_Your goal:_ Transcribe exactly, and without pictures, only the lines from the one bearing "TEKEL işçilerinin direnişinin" through the final line of the data below.

··· Source information

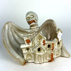 Vintage 1980 Ceramic Skeleton Haunted House Tea Light Candle Holders and candle
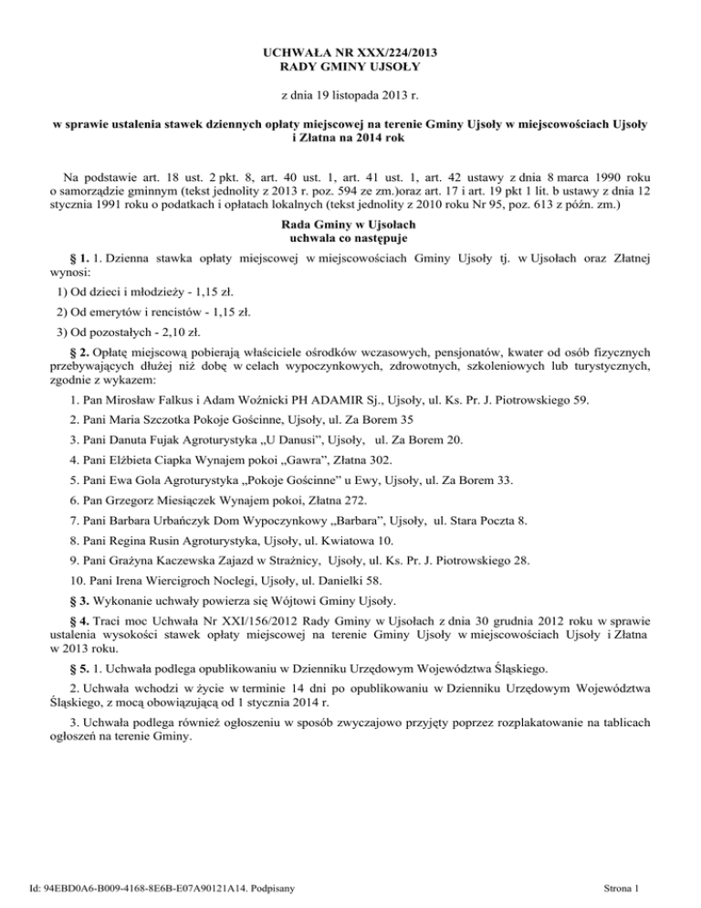 UCHWAŁA NR XXX/224/2013 RADY GMINY UJSOŁY z dnia 19 listopada 2013 r. w sprawie ustalenia stawek dziennych opłaty miejscowej na terenie Gminy Ujsoły w miejscowościach Ujsoły i Złatna na 2014 rok Na podstawie art. 18 ust. 2 pkt. 8, art. 40 ust. 1, art. 41 ust. 1, art. 42 ustawy z dnia 8 marca 1990 roku o samorządzie gminnym (tekst jednolity z 2013 r. poz. 594 ze zm.)oraz art. 17 i art. 19 pkt 1 lit. b ustawy z dnia 12 stycznia 1991 roku o podatkach i opłatach lokalnych (tekst jednolity z 2010 roku Nr 95, poz. 613 z późn. zm.) Rada Gminy w Ujsołach uchwala co następuje § 1. 1. Dzienna stawka opłaty miejscowej w miejscowościach Gminy Ujsoły tj. w Ujsołach oraz Złatnej wynosi: 1) Od dzieci i młodzieży - 1,15 zł. 2) Od emerytów i rencistów - 1,15 zł. 3) Od pozostałych - 2,10 zł. § 2. Opłatę miejscową pobierają właściciele ośrodków wczasowych, pensjonatów, kwater od osób fizycznych przebywających dłużej niż dobę w celach wypoczynkowych, zdrowotnych, szkoleniowych lub turystycznych, zgodnie z wykazem: 1. Pan Mirosław Falkus i Adam Woźnicki PH ADAMIR Sj., Ujsoły, ul. Ks. Pr. J. Piotrowskiego 59. 2. Pani Maria Szczotka Pokoje Gościnne, Ujsoły, ul. Za Borem 35 3. Pani Danuta Fujak Agroturystyka „U Danusi”, Ujsoły, ul. Za Borem 20. 4. Pani Elżbieta Ciapka Wynajem pokoi „Gawra”, Złatna 302. 5. Pani Ewa Gola Agroturystyka „Pokoje Gościnne” u Ewy, Ujsoły, ul. Za Borem 33. 6. Pan Grzegorz Miesiączek Wynajem pokoi, Złatna 272. 7. Pani Barbara Urbańczyk Dom Wypoczynkowy „Barbara”, Ujsoły, ul. Stara Poczta 8. 8. Pani Regina Rusin Agroturystyka, Ujsoły, ul. Kwiatowa 10. 9. Pani Grażyna Kaczewska Zajazd w Strażnicy, Ujsoły, ul. Ks. Pr. J. Piotrowskiego 28. 10. Pani Irena Wiercigroch Noclegi, Ujsoły, ul. Danielki 58. § 3. Wykonanie uchwały powierza się Wójtowi Gminy Ujsoły. § 4. Traci moc Uchwała Nr XXI/156/2012 Rady Gminy w Ujsołach z dnia 30 grudnia 2012 roku w sprawie ustalenia wysokości stawek opłaty miejscowej na terenie Gminy Ujsoły w miejscowościach Ujsoły i Złatna w 2013 roku. § 5. 1. Uchwała podlega opublikowaniu w Dzienniku Urzędowym Województwa Śląskiego. 2. Uchwała wchodzi w życie w terminie 14 dni po opublikowaniu w Dzienniku Urzędowym Województwa Śląskiego, z mocą obowiązującą od 1 stycznia 2014 r. 3. Uchwała podlega również ogłoszeniu w sposób zwyczajowo przyjęty poprzez rozplakatowanie na tablicach ogłoszeń na terenie Gminy. Id: 94EBD0A6-B009-4168-8E6B-E07A90121A14. Podpisany Strona 1 Przewodniczący Rady Gminy Adam Janota Id: 94EBD0A6-B009-4168-8E6B-E07A90121A14. Podpisany Strona 2
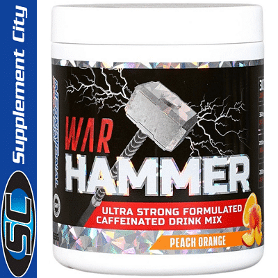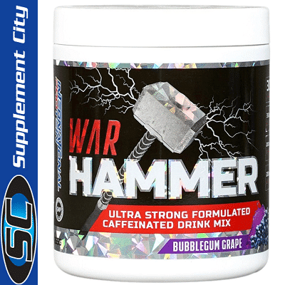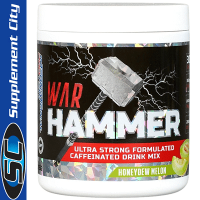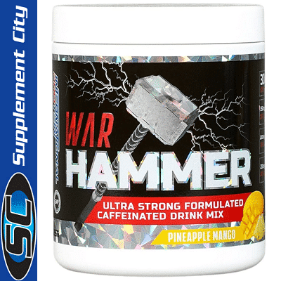 Drop the hammer on fatigue! International Protein War Hammer is all about high stim energy, mega pumps and zoned in focus. Get more out of every minute in the gym with War Hammer’s high caffeine, high performance formulation. A hard hitting, high impact blend of Citruline Malate, Beta Alanine, Tyrosine, Bitter Orange and Caffeine lift your performance to new heights, and Walnut extract, Lotus leaf and Theanine improve cognition and smooth out the intense buzz and let you get to work making gains!
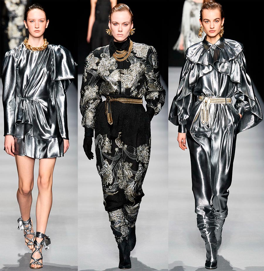 Dans la dernière partie de la collection, des images plus romantiques et délicates sont apparues - chemisiers, robes à volants et franges, volants, strass en forme de pluie, draperies.La palette de couleurs était dominée par des nuances noires et métalliques en argent. Le mannequin Bella Hadid a terminé le spectacle dans une robe luxueuse à volants en tissu noir transparent.
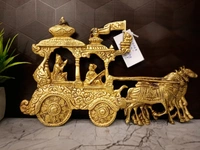 Elevate your space with the timeless elegance of the Brass Karnan In Chariot 7'', a stunning example of handicraft antique home decor. This exquisite brass idol embodies the rich traditions and meticulous craftsmanship India is celebrated for, making it a statement piece that adds both beauty and cultural depth to your home.
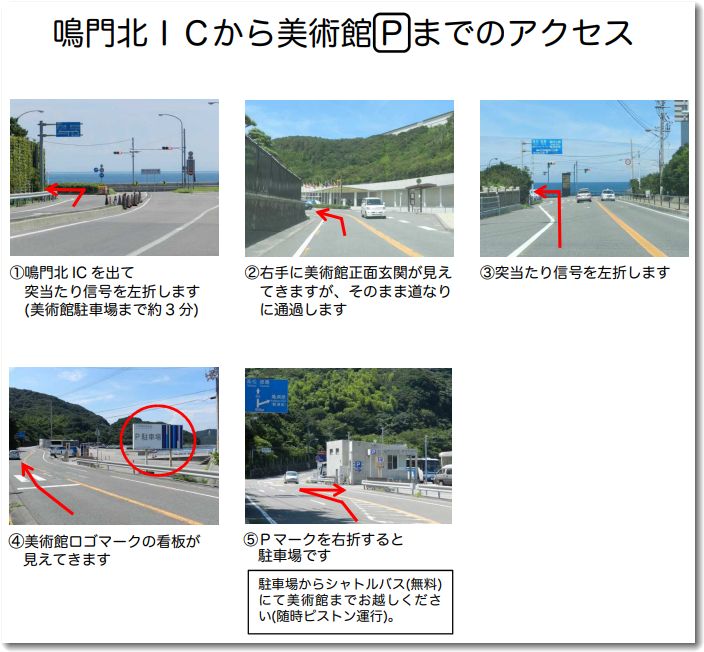 結局、P1駐車場に駐車するのが大正解だったようです。P1駐車場からは5分きざみくらいの感覚で美術館前まで無料シャトルバスが運用しています。さすが年間65万人も来場する観光施設はすごいですね。
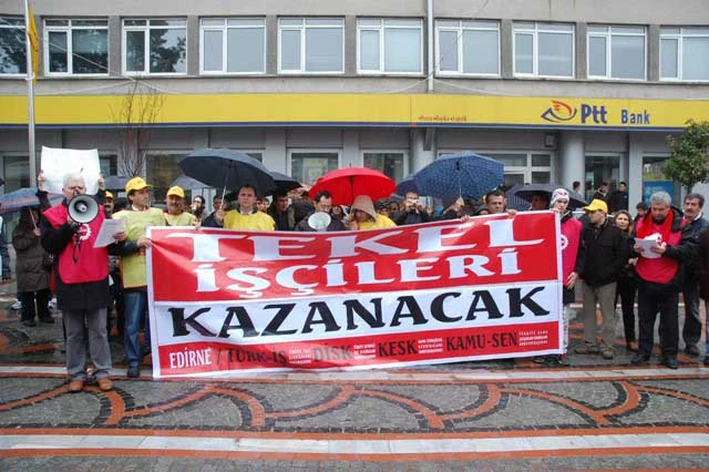 TEKEL işçilerinin direnişinin 75. gününde, yurt genelindeki demokratik kitle örgütlerinin destek eylemleri aralıksız devam ederken, Edirne'de bugün gerçekleştirilmesi planlanan oturma eylemine yağmur engel oldu. Edirne'de faaliyet gösteren işçi sendikaları konfederasyonları üyeleri, öğle saatlerinde Saraçlar Caddesi'nde bir oturma eylemi yapacağını duyurmuştu ancak yoğun sağanak yağışın azizliğine uğrayan destekçiler, yalnızca basın açıklaması ve sloganlarla seslerini duyurmaya çalıştı. Gözaltına alınan arkadaşlarının derhal serbest bırakılması gerektiğini vurgulayan işçiler, "İki buçuk aydır Türkiye'nin şahit olduğu bu inanç ve kararlılık artık tarihe yazılmıştır ve bu mücadelenin kaybedeni her ne olursa olsun AKP hükümeti olacaktır. Emekçiler asla kaybetmeyecektir" diyerek kararlılıklarını dile getirdi. Türkiye İşçi Sendikaları Konfederasyonu (TÜRK - İŞ) Devrimci İşçi Sendikaları Konfederasyonu (DİSK) Kamu Emekçileri Sendikaları Konfederasyonu (KESK) ve Türkiye Kamu Çalışanları Sendikaları Konfederasyonuna (Kamu - Sen) bağlı sendikaların üye ve temsilcileri, hazırladıkları ortak basın açıklamasında, hükümetin TEKEL işçilerine karşı tutumu bir kez daha sert bir dille eleştirdi.
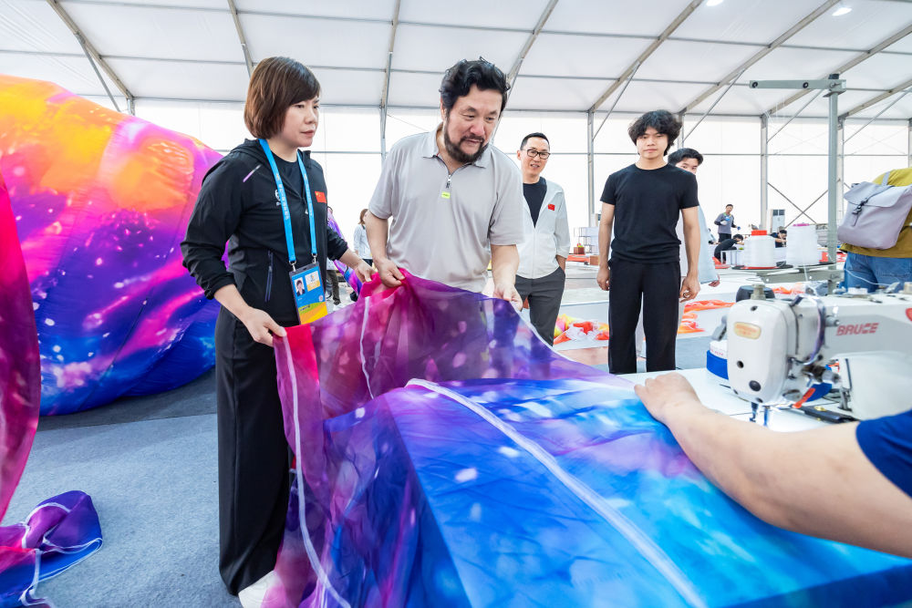 4月12日,演员在彩排中调试海洋生物模型。新华社发(朱启荣摄)
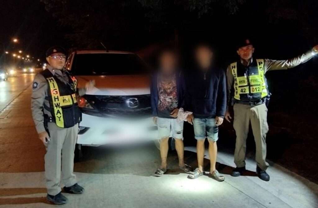 ต่อมา เจ้าหน้าที่ ส.ทล.2 กก.4 บก.ทล. ตั้งจุดตรวจบริเวณถนนมิตรภาพ กม.353–354 อ.เวฬุวัน จ.ขอนแก่น และตรวจพบรถต้องสงสัยจอดอยู่ริมทาง จึงเข้าตรวจสอบ พบผู้ต้องหา 2 คน คือ นายธีรภัทร อายุ 20 ปี และนายจิรโชติ อายุ 23 ปี (มีหมายจับศาลจังหวัดขอนแก่น ฐานพยายามฆ่าผู้อื่นและความผิดเกี่ยวกับอาวุธปืน)
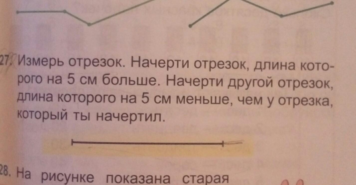 Измерь отрезок. Начерти отрезок, длина которого на 5 см больше. Начерти другой отрезок длина которого на 5 см меньше, чем у отрезка, который ты начиюертил
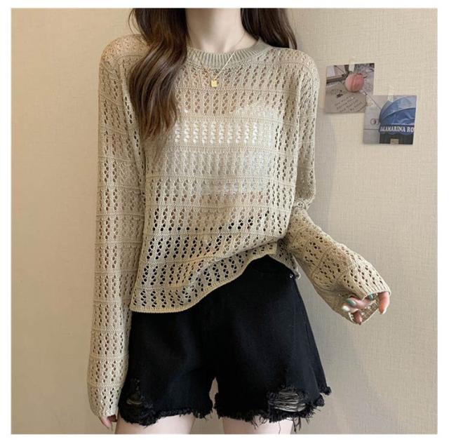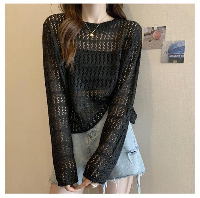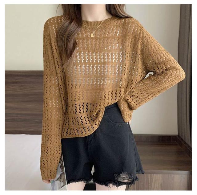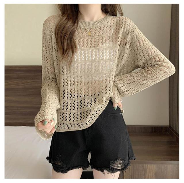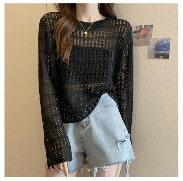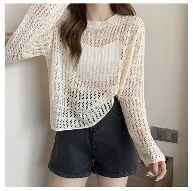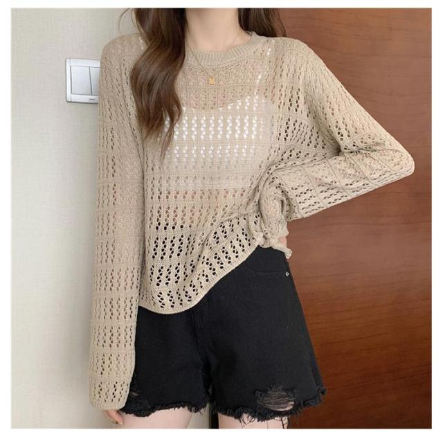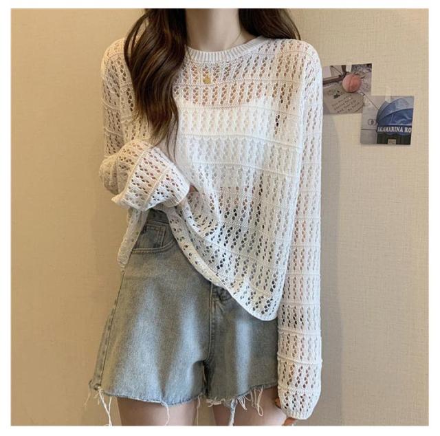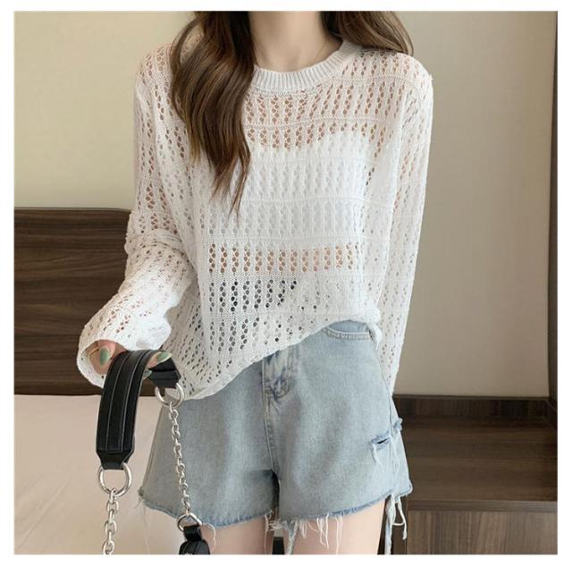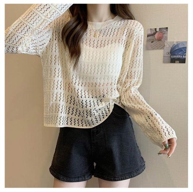 2点セット ニット インナー付き 透かし編み サマーニット 重ね着 レースアップ 長袖 トップス レディース 透け感 カットソー ゆったり 背中あき 春秋 かぎ編み 背中あき ルーズ プルオーバー レイヤード 韓国 トレンド S M L XL 2XL 送料無料

······

_Answer to this task:_
 TEKEL işçilerinin direnişinin 75. gününde, yurt genelindeki demokratik kitle örgütlerinin destek eylemleri aralıksız devam ederken, Edirne'de bugün gerçekleştirilmesi planlanan oturma eylemine yağmur engel oldu. Edirne'de faaliyet gösteren işçi sendikaları konfederasyonları üyeleri, öğle saatlerinde Saraçlar Caddesi'nde bir oturma eylemi yapacağını duyurmuştu ancak yoğun sağanak yağışın azizliğine uğrayan destekçiler, yalnızca basın açıklaması ve sloganlarla seslerini duyurmaya çalıştı. Gözaltına alınan arkadaşlarının derhal serbest bırakılması gerektiğini vurgulayan işçiler, "İki buçuk aydır Türkiye'nin şahit olduğu bu inanç ve kararlılık artık tarihe yazılmıştır ve bu mücadelenin kaybedeni her ne olursa olsun AKP hükümeti olacaktır. Emekçiler asla kaybetmeyecektir" diyerek kararlılıklarını dile getirdi. Türkiye İşçi Sendikaları Konfederasyonu (TÜRK - İŞ) Devrimci İşçi Sendikaları Konfederasyonu (DİSK) Kamu Emekçileri Sendikaları Konfederasyonu (KESK) ve Türkiye Kamu Çalışanları Sendikaları Konfederasyonuna (Kamu - Sen) bağlı sendikaların üye ve temsilcileri, hazırladıkları ortak basın açıklamasında, hükümetin TEKEL işçilerine karşı tutumu bir kez daha sert bir dille eleştirdi.
 4月12日,演员在彩排中调试海洋生物模型。新华社发(朱启荣摄)
 ต่อมา เจ้าหน้าที่ ส.ทล.2 กก.4 บก.ทล. ตั้งจุดตรวจบริเวณถนนมิตรภาพ กม.353–354 อ.เวฬุวัน จ.ขอนแก่น และตรวจพบรถต้องสงสัยจอดอยู่ริมทาง จึงเข้าตรวจสอบ พบผู้ต้องหา 2 คน คือ นายธีรภัทร อายุ 20 ปี และนายจิรโชติ อายุ 23 ปี (มีหมายจับศาลจังหวัดขอนแก่น ฐานพยายามฆ่าผู้อื่นและความผิดเกี่ยวกับอาวุธปืน)
 Измерь отрезок. Начерти отрезок, длина которого на 5 см больше. Начерти другой отрезок длина которого на 5 см меньше, чем у отрезка, который ты начиюертил
 2点セット ニット インナー付き 透かし編み サマーニット 重ね着 レースアップ 長袖 トップス レディース 透け感 カットソー ゆったり 背中あき 春秋 かぎ編み 背中あき ルーズ プルオーバー レイヤード 韓国 トレンド S M L XL 2XL 送料無料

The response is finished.